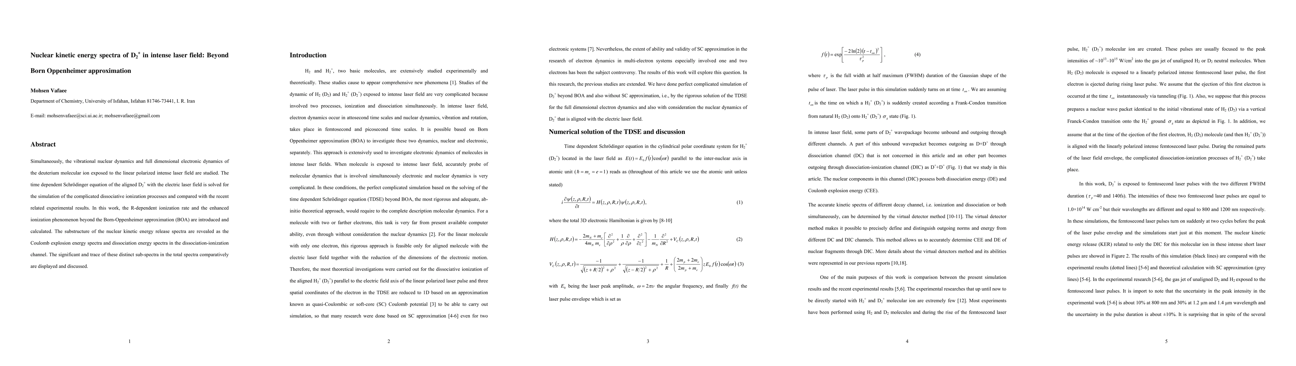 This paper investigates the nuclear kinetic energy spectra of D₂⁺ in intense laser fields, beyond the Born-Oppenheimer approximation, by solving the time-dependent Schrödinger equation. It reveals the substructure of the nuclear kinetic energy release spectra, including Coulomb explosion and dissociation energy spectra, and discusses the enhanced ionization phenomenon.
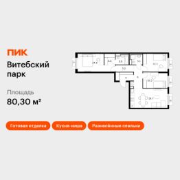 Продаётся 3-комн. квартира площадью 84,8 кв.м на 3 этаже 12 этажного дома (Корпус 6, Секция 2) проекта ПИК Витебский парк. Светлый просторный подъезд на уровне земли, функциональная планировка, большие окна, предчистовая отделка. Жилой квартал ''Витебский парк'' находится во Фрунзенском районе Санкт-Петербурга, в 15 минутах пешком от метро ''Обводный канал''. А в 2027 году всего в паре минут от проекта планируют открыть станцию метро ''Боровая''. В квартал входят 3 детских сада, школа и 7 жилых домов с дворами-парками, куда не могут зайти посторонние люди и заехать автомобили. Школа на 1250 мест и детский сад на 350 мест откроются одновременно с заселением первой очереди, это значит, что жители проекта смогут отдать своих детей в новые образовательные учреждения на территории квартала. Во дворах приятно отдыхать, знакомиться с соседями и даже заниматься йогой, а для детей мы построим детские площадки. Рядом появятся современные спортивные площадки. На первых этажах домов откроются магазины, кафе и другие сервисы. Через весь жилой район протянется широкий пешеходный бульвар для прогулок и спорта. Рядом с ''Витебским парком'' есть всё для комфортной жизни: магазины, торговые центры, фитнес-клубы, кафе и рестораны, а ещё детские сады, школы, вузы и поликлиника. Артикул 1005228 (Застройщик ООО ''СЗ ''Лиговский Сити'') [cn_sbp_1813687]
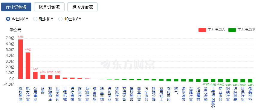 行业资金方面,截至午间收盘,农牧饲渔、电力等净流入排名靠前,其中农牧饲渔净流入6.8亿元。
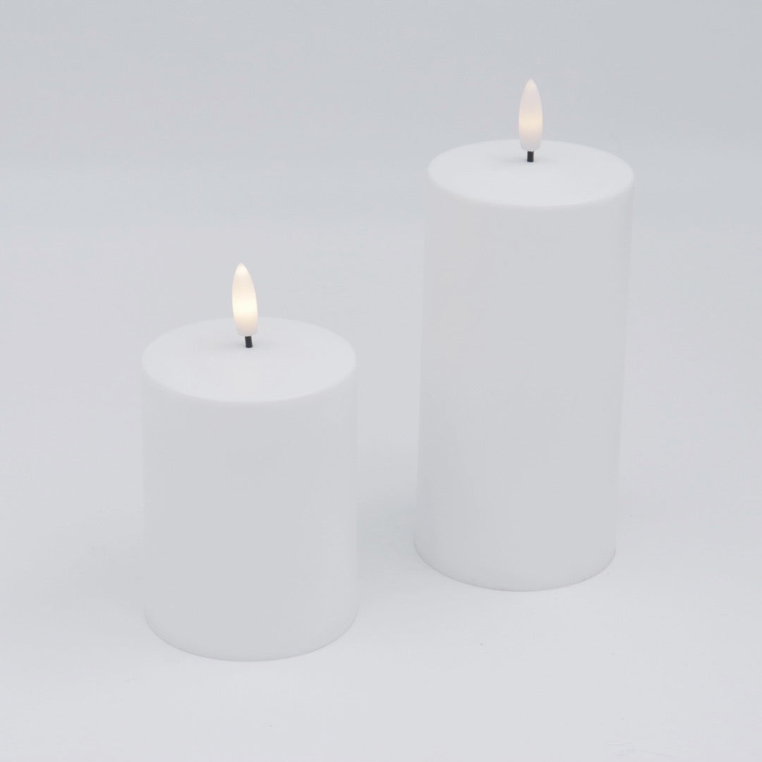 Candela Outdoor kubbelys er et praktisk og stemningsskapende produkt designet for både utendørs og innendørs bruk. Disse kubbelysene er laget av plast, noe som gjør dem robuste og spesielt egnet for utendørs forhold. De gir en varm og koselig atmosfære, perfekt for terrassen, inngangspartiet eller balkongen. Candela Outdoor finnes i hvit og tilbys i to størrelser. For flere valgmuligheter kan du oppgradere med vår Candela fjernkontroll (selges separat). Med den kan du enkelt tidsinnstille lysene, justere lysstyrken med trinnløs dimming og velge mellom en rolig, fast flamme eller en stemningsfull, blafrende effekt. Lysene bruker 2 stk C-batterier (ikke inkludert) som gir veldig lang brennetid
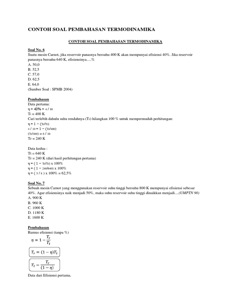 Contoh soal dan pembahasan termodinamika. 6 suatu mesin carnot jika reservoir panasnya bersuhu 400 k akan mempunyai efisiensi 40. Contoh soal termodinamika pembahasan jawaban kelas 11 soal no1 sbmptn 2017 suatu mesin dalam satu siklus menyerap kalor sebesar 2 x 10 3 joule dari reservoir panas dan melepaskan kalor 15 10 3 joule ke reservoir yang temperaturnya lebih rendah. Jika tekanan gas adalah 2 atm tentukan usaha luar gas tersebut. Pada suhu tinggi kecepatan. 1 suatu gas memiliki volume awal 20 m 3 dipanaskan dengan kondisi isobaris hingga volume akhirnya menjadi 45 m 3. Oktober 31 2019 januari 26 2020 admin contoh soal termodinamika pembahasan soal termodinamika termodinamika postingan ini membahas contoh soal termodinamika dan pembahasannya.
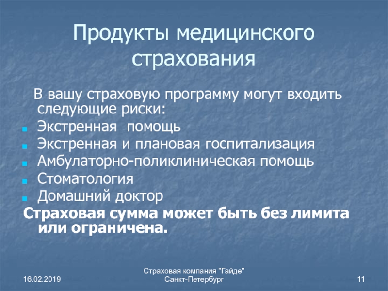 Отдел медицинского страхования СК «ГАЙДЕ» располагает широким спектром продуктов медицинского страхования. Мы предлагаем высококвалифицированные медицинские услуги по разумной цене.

Task — Without the pictures, retype the whole of the material above exactly.

Task output —
 This paper investigates the nuclear kinetic energy spectra of D₂⁺ in intense laser fields, beyond the Born-Oppenheimer approximation, by solving the time-dependent Schrödinger equation. It reveals the substructure of the nuclear kinetic energy release spectra, including Coulomb explosion and dissociation energy spectra, and discusses the enhanced ionization phenomenon.
 Продаётся 3-комн. квартира площадью 84,8 кв.м на 3 этаже 12 этажного дома (Корпус 6, Секция 2) проекта ПИК Витебский парк. Светлый просторный подъезд на уровне земли, функциональная планировка, большие окна, предчистовая отделка. Жилой квартал ''Витебский парк'' находится во Фрунзенском районе Санкт-Петербурга, в 15 минутах пешком от метро ''Обводный канал''. А в 2027 году всего в паре минут от проекта планируют открыть станцию метро ''Боровая''. В квартал входят 3 детских сада, школа и 7 жилых домов с дворами-парками, куда не могут зайти посторонние люди и заехать автомобили. Школа на 1250 мест и детский сад на 350 мест откроются одновременно с заселением первой очереди, это значит, что жители проекта смогут отдать своих детей в новые образовательные учреждения на территории квартала. Во дворах приятно отдыхать, знакомиться с соседями и даже заниматься йогой, а для детей мы построим детские площадки. Рядом появятся современные спортивные площадки. На первых этажах домов откроются магазины, кафе и другие сервисы. Через весь жилой район протянется широкий пешеходный бульвар для прогулок и спорта. Рядом с ''Витебским парком'' есть всё для комфортной жизни: магазины, торговые центры, фитнес-клубы, кафе и рестораны, а ещё детские сады, школы, вузы и поликлиника. Артикул 1005228 (Застройщик ООО ''СЗ ''Лиговский Сити'') [cn_sbp_1813687]
 行业资金方面,截至午间收盘,农牧饲渔、电力等净流入排名靠前,其中农牧饲渔净流入6.8亿元。
 Candela Outdoor kubbelys er et praktisk og stemningsskapende produkt designet for både utendørs og innendørs bruk. Disse kubbelysene er laget av plast, noe som gjør dem robuste og spesielt egnet for utendørs forhold. De gir en varm og koselig atmosfære, perfekt for terrassen, inngangspartiet eller balkongen. Candela Outdoor finnes i hvit og tilbys i to størrelser. For flere valgmuligheter kan du oppgradere med vår Candela fjernkontroll (selges separat). Med den kan du enkelt tidsinnstille lysene, justere lysstyrken med trinnløs dimming og velge mellom en rolig, fast flamme eller en stemningsfull, blafrende effekt. Lysene bruker 2 stk C-batterier (ikke inkludert) som gir veldig lang brennetid
 Contoh soal dan pembahasan termodinamika. 6 suatu mesin carnot jika reservoir panasnya bersuhu 400 k akan mempunyai efisiensi 40. Contoh soal termodinamika pembahasan jawaban kelas 11 soal no1 sbmptn 2017 suatu mesin dalam satu siklus menyerap kalor sebesar 2 x 10 3 joule dari reservoir panas dan melepaskan kalor 15 10 3 joule ke reservoir yang temperaturnya lebih rendah. Jika tekanan gas adalah 2 atm tentukan usaha luar gas tersebut. Pada suhu tinggi kecepatan. 1 suatu gas memiliki volume awal 20 m 3 dipanaskan dengan kondisi isobaris hingga volume akhirnya menjadi 45 m 3. Oktober 31 2019 januari 26 2020 admin contoh soal termodinamika pembahasan soal termodinamika termodinamika postingan ini membahas contoh soal termodinamika dan pembahasannya.
 Отдел медицинского страхования СК «ГАЙДЕ» располагает широким спектром продуктов медицинского страхования. Мы предлагаем высококвалифицированные медицинские услуги по разумной цене.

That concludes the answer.